Surface Anatomy and Palpations

  • Quadrants (four-quadrant method): divide through the umbilicus

    • Left upper, Right upper, Left lower, Right lower

  • Nine-region scheme (lines: right & left midclavicular planes; subcostal and intertubercular planes)

    • Regions: R. Hypochondriac, Epigastric, L. Hypochondriac

    • R. Lumbar, Umbilical, L. Lumbar

    • R. Iliac, Hypogastric, L. Iliac

  • Palpable Surface Anatomy

    • Umbilicus: vertebral level L3-L4; innervation from T10

    • Linea alba and semilunaris: palpable vertical facial lines in abdominal region

    • Inguinal ligament: tight fusion of fascial layers; forms a shelf for the spermatic cord (round ligament) to rest

    • Xiphoid process and costal arch

    • Pelvic landmarks:

    • Iliac crest

    • Iliac tubercle

    • Anterior superior iliac spine (ASIS)

    • Pectin pubis (pectineal line)

    • Pubic tubercle

Fascial and Muscular Layers of the Anterior Abdominal Wall

1) Skin
2) Camper’s fascia (superficial fascia) – fatty layer
3) Scarpa’s fascia (deep fascia) – serous fascial layer
4) External oblique

  • Origin: External surfaces of ribs 5-12

  • Insertion: Linea alba, pubic tubercle, and anterior half of iliac crest

  • Action: compress and support abdominal viscera; flex and rotate trunk

  • Innervation: thoracoabdominal nerves (anterior rami of T7-T11) and subcostal nerve (T12)

5) Internal oblique

  • Origin: Thoracolumbar fascia, anterior 2/3 of iliac crest, and connective tissue deep to inguinal ligament

  • Insertion: Inferior borders of ribs 10-12, linea alba and pubis via conjoint tendon

  • Action: compress and support abdominal viscera; flex and rotate trunk

  • Innervation: thoracoabdominal nerves (anterior rami of T7-T11) and first lumbar nerve (L1)

6) Rectus abdominis

  • Origin: Pubic symphysis and pubic crest

  • Insertion: Xiphoid process and costal cartilages 5-7

  • Action: Flexes trunk (lumbar vertebrae) and compresses abdominal viscera; can act as antagonist to the diaphragm; stabilizes and controls pelvic tilt (antilordosis)

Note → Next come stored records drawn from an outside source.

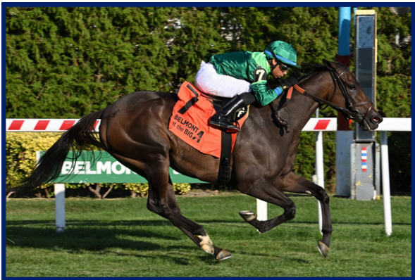
SHADE OF PALE breaks her maiden on the NYRA Circuit.

Last Race: 4/19/25 N1X @ TAM Finish: 2 nd by a neck Trainer: Chad Brown Conditions Left: ALWN1X Preferred Surface: TURF
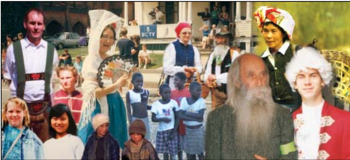
Fig. 8.1: People from various parts of the world
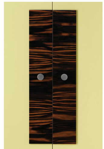
Accent Walnut/Ebony Macassar

Accent heights available – 300x100, 500x100, 700x100, 900x100. (See section 7.42 for model codes and pricing).
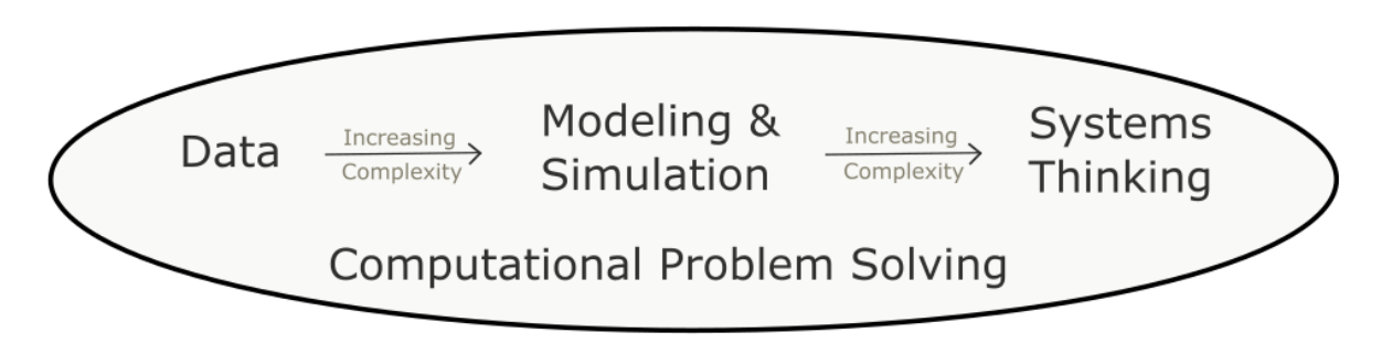
Figure 1. Computational Thinking as a Continuum of Practices

At the elementary level, we speculate that if Computational Problem Solving is considered as an opportunity to represent the tools and techniques used in Data, Modeling and Simulation , and ST practices, it would be developmentally appropriate. By doing so, teachers would prepare young learners to engage first with Computational Problem Solving in a tangible manner with engaging educational tools such as developmentally designed robots, which would prepare them to engage in a more conceptually and technical manner with the core practice in middle school science and beyond.
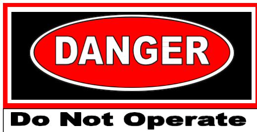
Front of tag

DO NOT OPERATE TAG – This tag is used to warn that the operation of the device or equipment to which the tag is attached is likely to be life threatening.
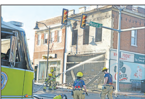
Crews extinguishing hot spots at D.R. Music early on July 2.

Thursday, July 7, 2022 • Dogwood Capital of Virginia • Covering Vinton, Bonsack & Stewartsville (USPS-660-020) OurValley.org • $1.00
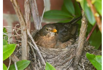
SOMETHING AN ANIMAL BUILT
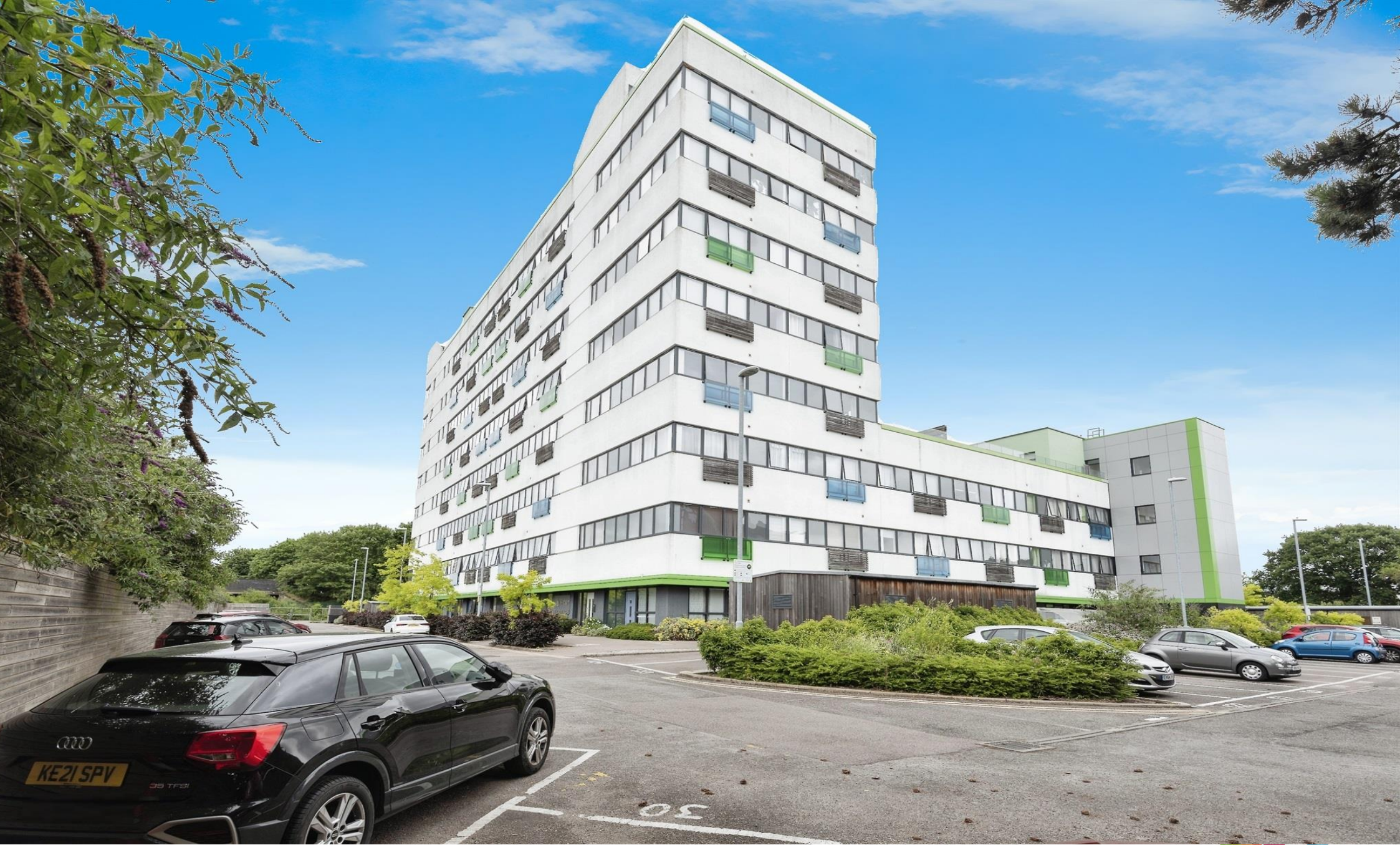
Six Hills House, Kings Road, Stevenage SG1 1AW

  • Innervation: Thoracoabdominal nerves (anterior rami of inferior six thoracic nerves)

Important distinctions: Above the arcuate line, the internal oblique tendons split and muscles wrap anteriorly (external oblique & half internal oblique) and posteriorly (transversus abdominis & half internal oblique) relatively around the rectus abdominis. Below the arcuate line, the tendons fuse and muscles wrap only anteriorly around the rectus abdominis, leaving only the transversalis fascia and parietal peritoneum to contain viscera. This makes the area weaker and more prone to hernias.

7) Transversus abdominis

  • Origin: Internal surfaces of ribs 7-12; costal cartilages, thoracolumbar fascia, iliac crest, and connective tissue deep to inguinal ligament

  • Insertion: Linea alba with aponeurosis of internal oblique, pubic crest and pectin pubis via conjoint tendon

  • Action: Compresses and supports abdominal viscera

  • Innervation: Thoracoabdominal nerves (anterior rami of T7-T11) and first lumbar nerve (L1)

8) Transversalis fascia

  • Layer of fascia lining the internal abdominal wall; forms the deep inguinal ring (learned in inguinal region lectures)

9) Parietal peritoneum

  • What it is: Serous lining of the peritoneum; produces serous fluid to lubricate abdominal organs

  • Where it is: Usually not tightly fused with transversalis fascia; can contain fat stores

  • Innervation: Somatic body wall nerves (e.g., intercostal nerves and subcostal nerves)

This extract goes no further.